## Task details
Everything from the line that contains "The Gladstone Wall" to the final line of the data, both ends included, must be set down exactly, apart from the pictures.

#### Supplied material ####

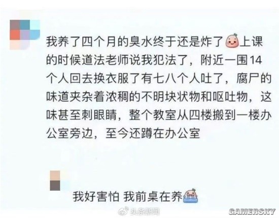 一位曾经有过“养臭水”经历的小学五年级学生说,他从网上看到一个养臭水的配方,和好朋友俩人照单制作,用绳子拴住瓶子藏在教室窗户外面。按照网上分享的经验推算,在快到要炸开的时候,拿到校园花坛去,结果路上炸了,不仅溅了俩人一身臭水,还弄到嘴里去了,俩人当场呕吐不止。
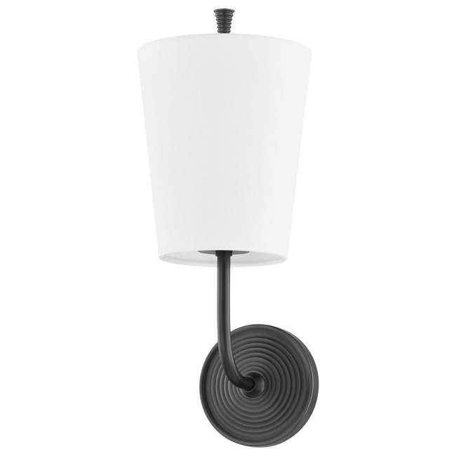 The Gladstone Wall Sconce is a timeless tribute to playful shapes and contemporary geometries. Featuring a tapered white linen shade with a large opening at the top, it creates a powerful uplight, brightening up dark ceilings to make a room feel more spacious. The distinctive swirled backplate and matching finial add contemporary whimsy.
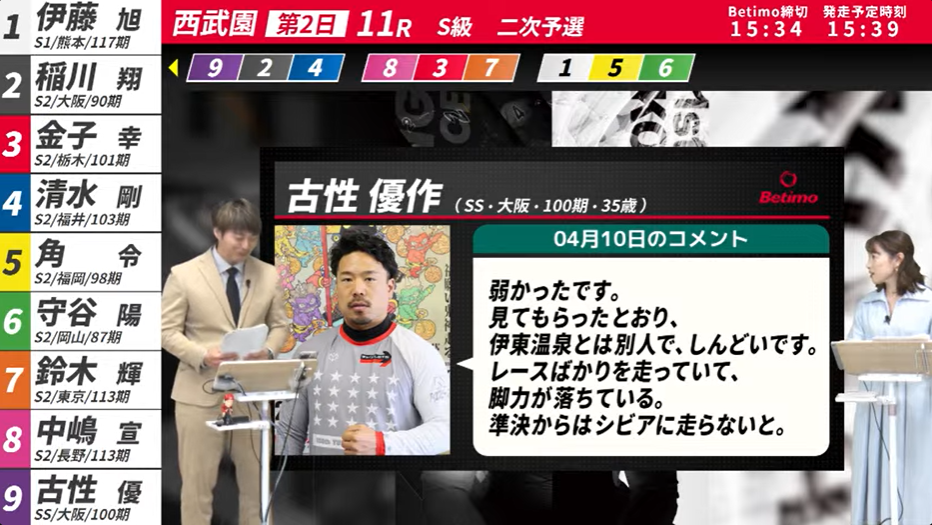 11R二次予選2着・古性優作 苦しい展開、合わされても堪えた強さ

####

## Answer section
 The Gladstone Wall Sconce is a timeless tribute to playful shapes and contemporary geometries. Featuring a tapered white linen shade with a large opening at the top, it creates a powerful uplight, brightening up dark ceilings to make a room feel more spacious. The distinctive swirled backplate and matching finial add contemporary whimsy.
 11R二次予選2着・古性優作 苦しい展開、合わされても堪えた強さ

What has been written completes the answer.